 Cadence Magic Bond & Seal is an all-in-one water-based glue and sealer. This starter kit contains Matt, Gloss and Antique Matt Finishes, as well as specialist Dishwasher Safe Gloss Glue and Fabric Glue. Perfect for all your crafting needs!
........
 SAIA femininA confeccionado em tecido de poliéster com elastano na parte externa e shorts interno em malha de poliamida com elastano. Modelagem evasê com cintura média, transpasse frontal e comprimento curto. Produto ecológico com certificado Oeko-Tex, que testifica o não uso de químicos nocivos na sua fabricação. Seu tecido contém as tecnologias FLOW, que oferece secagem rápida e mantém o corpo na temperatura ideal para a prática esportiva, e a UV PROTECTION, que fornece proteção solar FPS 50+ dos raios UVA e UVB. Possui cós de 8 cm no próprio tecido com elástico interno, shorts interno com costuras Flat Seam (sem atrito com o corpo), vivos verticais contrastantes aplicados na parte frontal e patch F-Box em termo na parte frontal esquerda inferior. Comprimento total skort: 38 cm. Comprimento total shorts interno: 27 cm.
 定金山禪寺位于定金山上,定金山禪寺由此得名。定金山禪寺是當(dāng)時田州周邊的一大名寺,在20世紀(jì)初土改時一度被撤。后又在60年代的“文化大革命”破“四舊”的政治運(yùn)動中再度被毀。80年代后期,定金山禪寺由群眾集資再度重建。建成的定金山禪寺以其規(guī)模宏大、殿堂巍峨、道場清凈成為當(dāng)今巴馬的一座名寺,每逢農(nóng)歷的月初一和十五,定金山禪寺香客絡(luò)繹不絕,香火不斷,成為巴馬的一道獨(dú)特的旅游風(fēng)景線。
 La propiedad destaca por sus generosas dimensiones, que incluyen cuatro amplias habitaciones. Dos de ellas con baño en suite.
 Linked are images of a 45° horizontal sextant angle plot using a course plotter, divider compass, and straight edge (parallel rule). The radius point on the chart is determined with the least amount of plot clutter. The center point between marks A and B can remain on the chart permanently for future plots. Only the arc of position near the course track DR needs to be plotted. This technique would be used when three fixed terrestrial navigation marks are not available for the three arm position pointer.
........
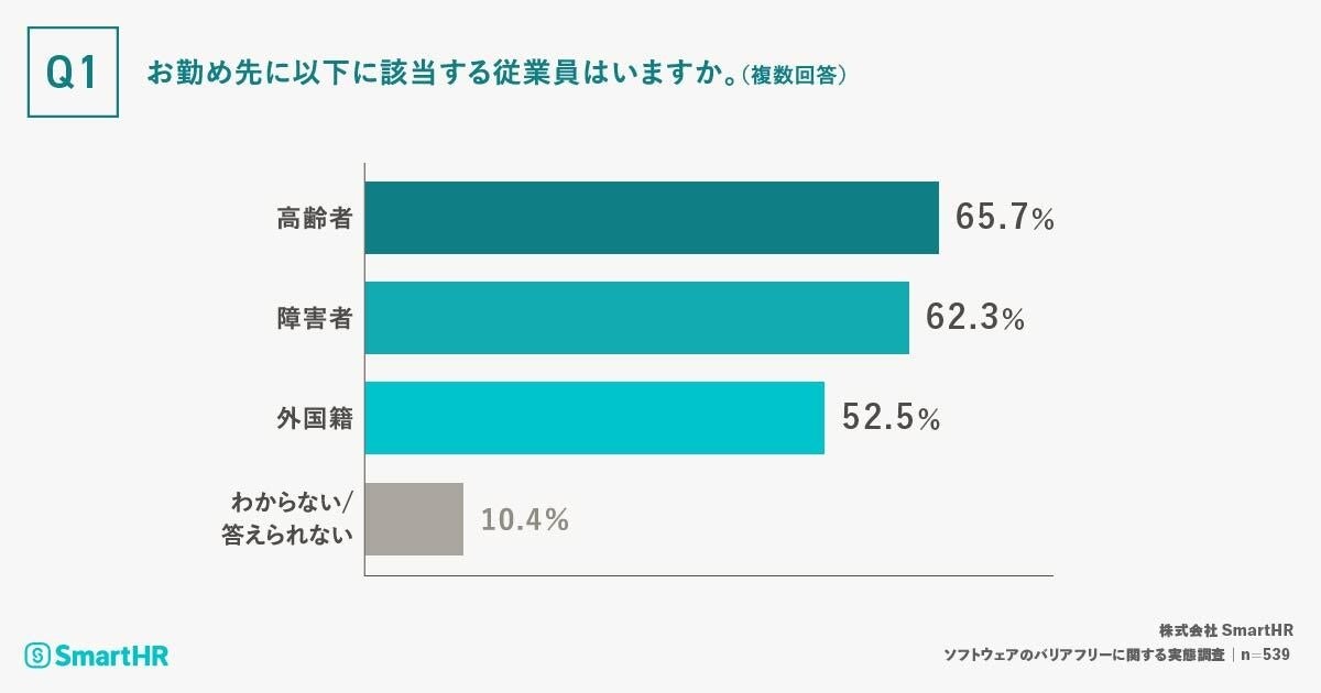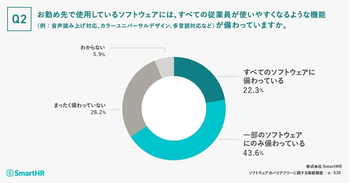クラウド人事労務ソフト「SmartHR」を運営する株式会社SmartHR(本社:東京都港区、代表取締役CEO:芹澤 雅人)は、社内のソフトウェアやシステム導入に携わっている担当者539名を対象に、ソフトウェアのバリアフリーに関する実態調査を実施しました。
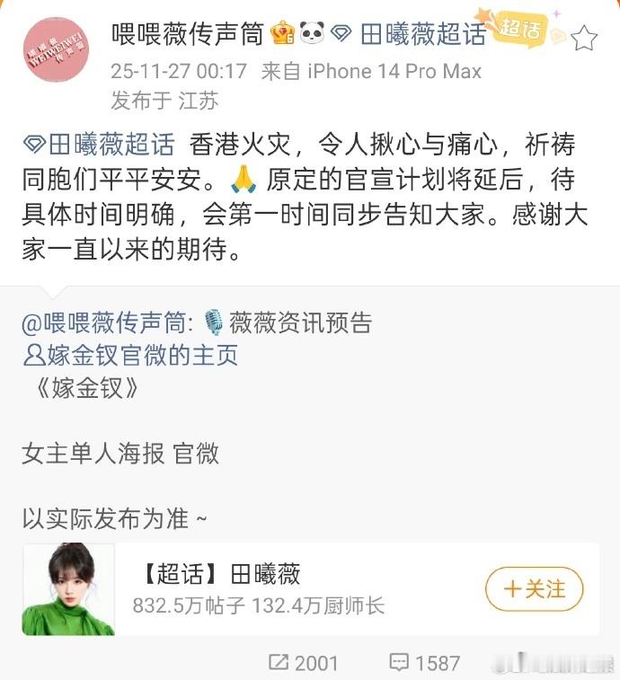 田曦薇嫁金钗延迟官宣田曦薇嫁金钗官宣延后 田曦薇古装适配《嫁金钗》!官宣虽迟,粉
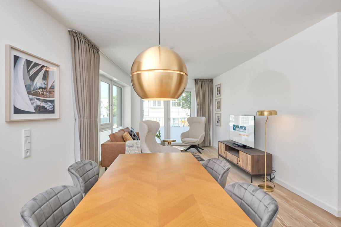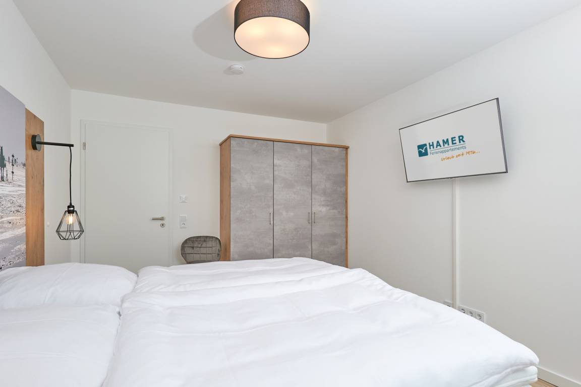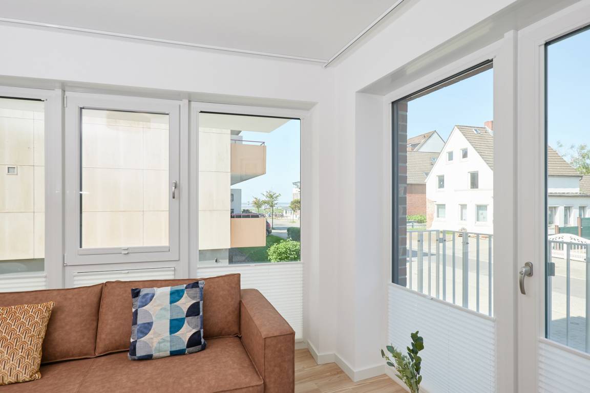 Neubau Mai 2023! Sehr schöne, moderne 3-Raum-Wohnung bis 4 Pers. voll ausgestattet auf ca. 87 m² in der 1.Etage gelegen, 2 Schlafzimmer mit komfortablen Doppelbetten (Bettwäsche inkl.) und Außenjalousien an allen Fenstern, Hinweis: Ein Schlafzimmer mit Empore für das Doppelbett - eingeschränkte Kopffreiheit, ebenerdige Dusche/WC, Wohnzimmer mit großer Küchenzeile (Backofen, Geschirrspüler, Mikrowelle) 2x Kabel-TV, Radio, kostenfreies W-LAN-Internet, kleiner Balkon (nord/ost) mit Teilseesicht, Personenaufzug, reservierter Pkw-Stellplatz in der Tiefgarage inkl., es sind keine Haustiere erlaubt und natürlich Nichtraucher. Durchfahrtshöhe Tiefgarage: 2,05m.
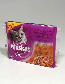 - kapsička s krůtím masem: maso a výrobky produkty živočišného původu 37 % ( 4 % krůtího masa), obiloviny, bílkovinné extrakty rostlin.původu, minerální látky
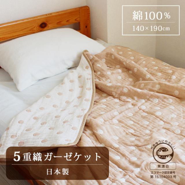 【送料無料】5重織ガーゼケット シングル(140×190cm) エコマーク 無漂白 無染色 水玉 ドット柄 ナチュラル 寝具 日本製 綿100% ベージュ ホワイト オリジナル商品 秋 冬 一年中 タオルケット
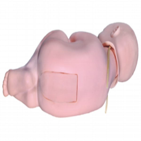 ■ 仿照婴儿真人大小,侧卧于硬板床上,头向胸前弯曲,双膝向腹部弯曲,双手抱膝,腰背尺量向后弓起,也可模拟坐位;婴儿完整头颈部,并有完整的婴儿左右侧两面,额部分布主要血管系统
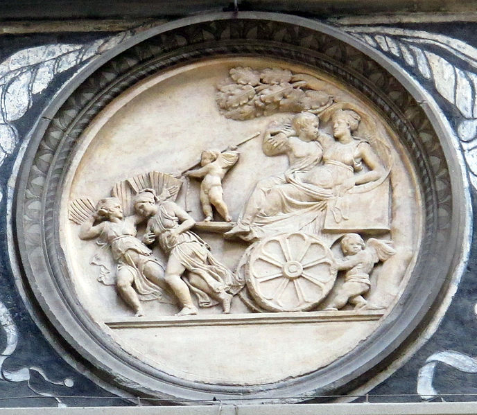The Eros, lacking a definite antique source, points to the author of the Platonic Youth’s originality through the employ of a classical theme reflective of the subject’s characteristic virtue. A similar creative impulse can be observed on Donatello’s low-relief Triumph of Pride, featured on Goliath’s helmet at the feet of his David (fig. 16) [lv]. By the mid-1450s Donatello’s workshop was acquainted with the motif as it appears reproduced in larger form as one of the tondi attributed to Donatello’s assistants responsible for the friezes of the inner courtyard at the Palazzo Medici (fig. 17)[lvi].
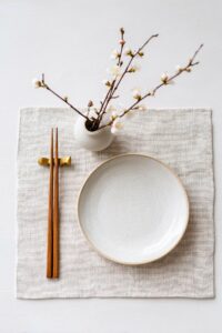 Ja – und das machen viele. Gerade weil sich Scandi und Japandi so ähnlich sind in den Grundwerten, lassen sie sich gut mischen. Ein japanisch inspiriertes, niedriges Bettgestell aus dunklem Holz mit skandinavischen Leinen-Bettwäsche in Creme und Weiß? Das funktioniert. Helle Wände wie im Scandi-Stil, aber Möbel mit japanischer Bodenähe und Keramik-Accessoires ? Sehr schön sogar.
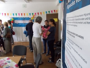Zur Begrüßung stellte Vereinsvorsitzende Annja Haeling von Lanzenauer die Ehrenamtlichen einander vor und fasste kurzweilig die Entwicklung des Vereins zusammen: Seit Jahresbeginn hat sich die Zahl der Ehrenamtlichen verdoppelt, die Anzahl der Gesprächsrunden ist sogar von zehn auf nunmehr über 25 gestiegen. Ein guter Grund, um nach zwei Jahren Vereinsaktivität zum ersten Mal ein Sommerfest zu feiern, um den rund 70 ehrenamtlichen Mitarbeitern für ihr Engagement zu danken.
........
■ Activity: Taking the material above, give again exactly the lines from the one holding "Neubau Mai 2023!" through the one holding "The Eros, lacking", with both ends and without pictures.

■ Exercise solution:
 Neubau Mai 2023! Sehr schöne, moderne 3-Raum-Wohnung bis 4 Pers. voll ausgestattet auf ca. 87 m² in der 1.Etage gelegen, 2 Schlafzimmer mit komfortablen Doppelbetten (Bettwäsche inkl.) und Außenjalousien an allen Fenstern, Hinweis: Ein Schlafzimmer mit Empore für das Doppelbett - eingeschränkte Kopffreiheit, ebenerdige Dusche/WC, Wohnzimmer mit großer Küchenzeile (Backofen, Geschirrspüler, Mikrowelle) 2x Kabel-TV, Radio, kostenfreies W-LAN-Internet, kleiner Balkon (nord/ost) mit Teilseesicht, Personenaufzug, reservierter Pkw-Stellplatz in der Tiefgarage inkl., es sind keine Haustiere erlaubt und natürlich Nichtraucher. Durchfahrtshöhe Tiefgarage: 2,05m.
 - kapsička s krůtím masem: maso a výrobky produkty živočišného původu 37 % ( 4 % krůtího masa), obiloviny, bílkovinné extrakty rostlin.původu, minerální látky
 【送料無料】5重織ガーゼケット シングル(140×190cm) エコマーク 無漂白 無染色 水玉 ドット柄 ナチュラル 寝具 日本製 綿100% ベージュ ホワイト オリジナル商品 秋 冬 一年中 タオルケット
 ■ 仿照婴儿真人大小,侧卧于硬板床上,头向胸前弯曲,双膝向腹部弯曲,双手抱膝,腰背尺量向后弓起,也可模拟坐位;婴儿完整头颈部,并有完整的婴儿左右侧两面,额部分布主要血管系统
The Eros, lacking a definite antique source, points to the author of the Platonic Youth’s originality through the employ of a classical theme reflective of the subject’s characteristic virtue. A similar creative impulse can be observed on Donatello’s low-relief Triumph of Pride, featured on Goliath’s helmet at the feet of his David (fig. 16) [lv]. By the mid-1450s Donatello’s workshop was acquainted with the motif as it appears reproduced in larger form as one of the tondi attributed to Donatello’s assistants responsible for the friezes of the inner courtyard at the Palazzo Medici (fig. 17)[lvi].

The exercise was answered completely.